Brief
From the material below, return exactly the lines starting at the one that holds "path or journey" and ending at the one that holds "Four-Master (Left) and". Pictures stay out of the answer.

Records supplied

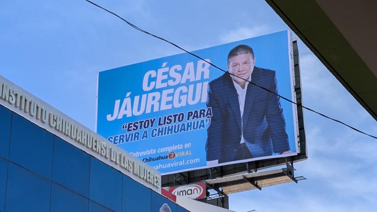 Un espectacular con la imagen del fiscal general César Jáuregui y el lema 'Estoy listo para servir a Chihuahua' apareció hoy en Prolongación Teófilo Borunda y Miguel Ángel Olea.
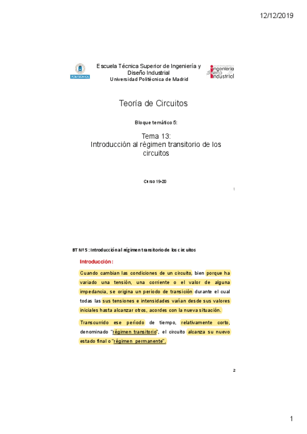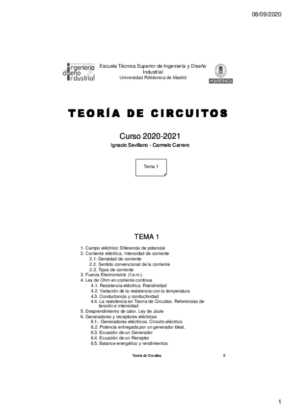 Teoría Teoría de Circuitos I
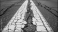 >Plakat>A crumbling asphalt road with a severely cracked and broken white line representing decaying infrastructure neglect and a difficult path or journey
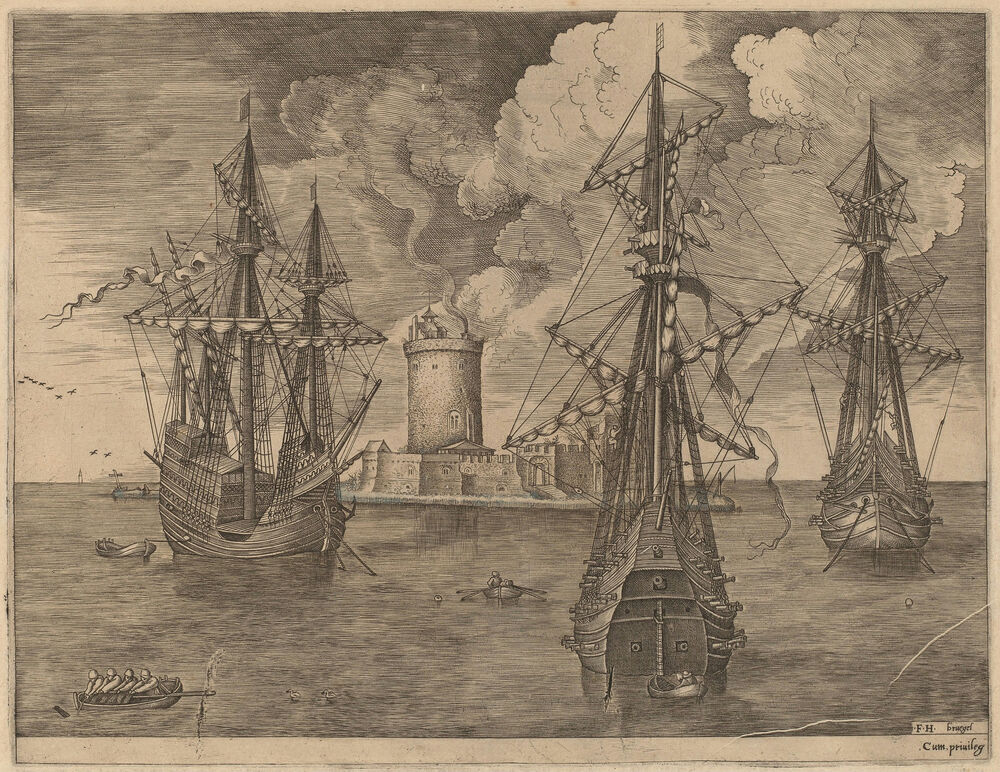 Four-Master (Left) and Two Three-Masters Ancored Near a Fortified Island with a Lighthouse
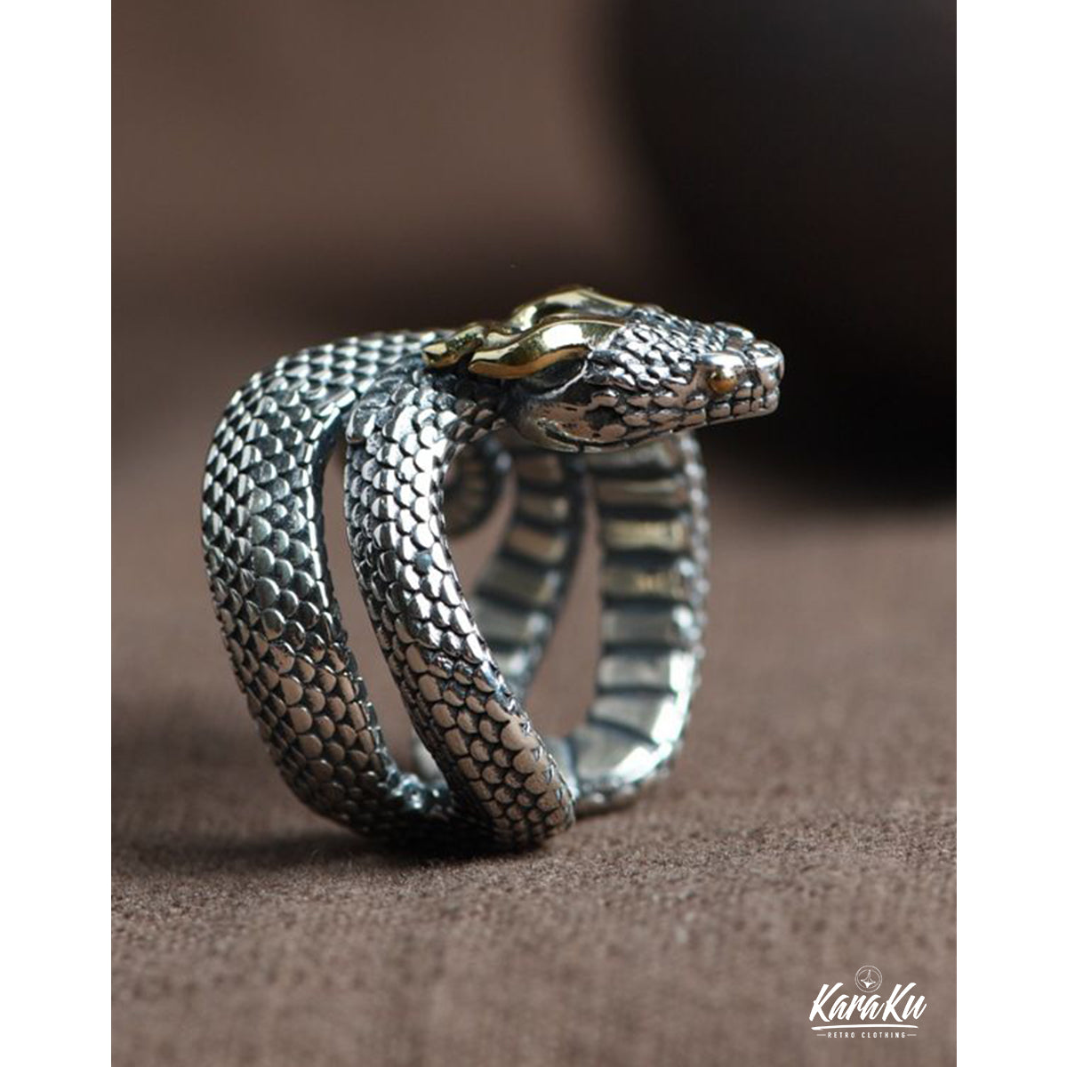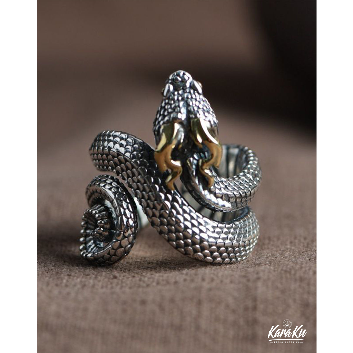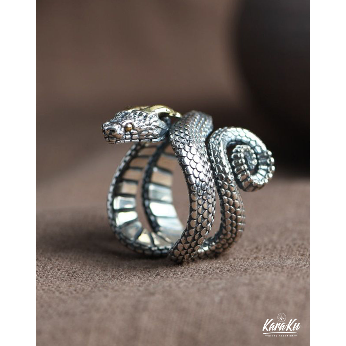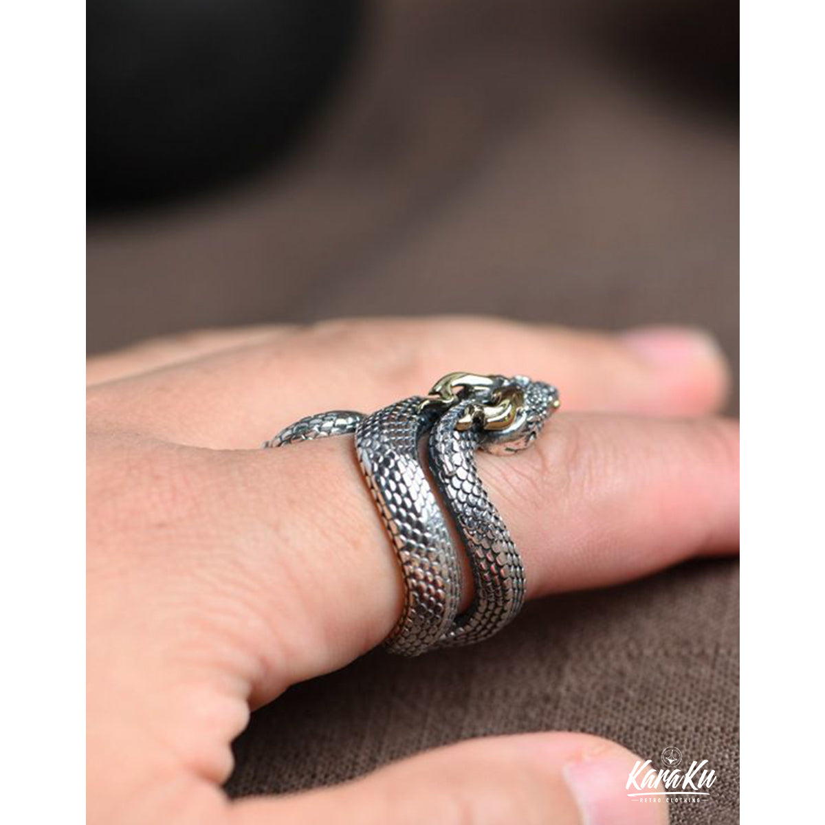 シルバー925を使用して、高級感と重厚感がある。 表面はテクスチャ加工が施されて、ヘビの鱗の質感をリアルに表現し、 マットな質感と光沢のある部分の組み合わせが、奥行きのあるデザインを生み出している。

* * *

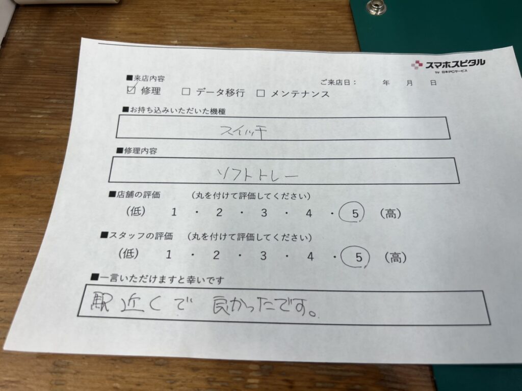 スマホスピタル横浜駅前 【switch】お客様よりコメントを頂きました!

Solution for this exercise
 >Plakat>A crumbling asphalt road with a severely cracked and broken white line representing decaying infrastructure neglect and a difficult path or journey
 Four-Master (Left) and Two Three-Masters Ancored Near a Fortified Island with a Lighthouse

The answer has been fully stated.